Gene Variant Offers Asthma Protection
By Amanda Gardner, HealthDay Reporter
WEDNESDAY, Oct. 20 (HealthDayNews) -- Researchers have identified a form of a particular gene that, when present, can help protect people from developing asthma.
Although people without this particular gene variant are not condemned to having the breathing disorder, it does increase the likelihood of developing it, a new study says.
"This is the first gene that's been described that protects people from asthma," said study author Dr. Craig M. Lilly, director of the medical intensive care unit at Brigham and Women's Hospital in Boston. "If you have this protective form of the gene, you have half the asthma risk."
The research appears in the Oct. 21 issue of the New England Journal of Medicine.

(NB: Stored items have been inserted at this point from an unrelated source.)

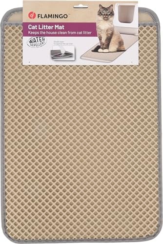 Flamingo Matz kattlådematta – beige, 61 x 41 x 1,3 cm, halkfri och hållbar, perfekt för Maine Coon, brittiskt korthår, ragdoll, norsk skogskatt etc.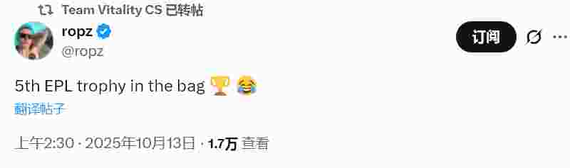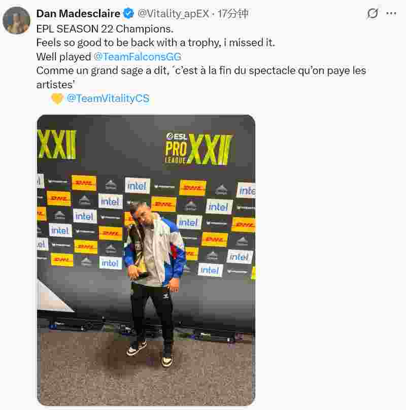 ZywOo:EPL冠军!再次夺得冠军的感觉真好,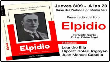 Este jueves 8, a las 20, en la Casa del Partido Radical, San Martín 543 de la ciudad de Paraná, se realizará la presentación del libro "Elpidio", del autor Martín Quiróz y con prólogo del ex diputado nacional Fabian Rogel.

Asthma is a significant public health problem, affecting as many as one in four children in urban areas.
During an asthma episode, a person's airways start to close up, making it more difficult to breathe. Prostaglandin is one of the chemicals that cause inflammation and contribute to the narrowing of the airways. Prostaglandin needs a receptor, PTGDR, to work. The gene in question contains this receptor.
"These mutations cause them not to have as much of a critical receptor, and if you don't have the receptor, you don't have asthma," Lilly said. "People who have this genetic variant release [airway] constrictors, but can't respond to them."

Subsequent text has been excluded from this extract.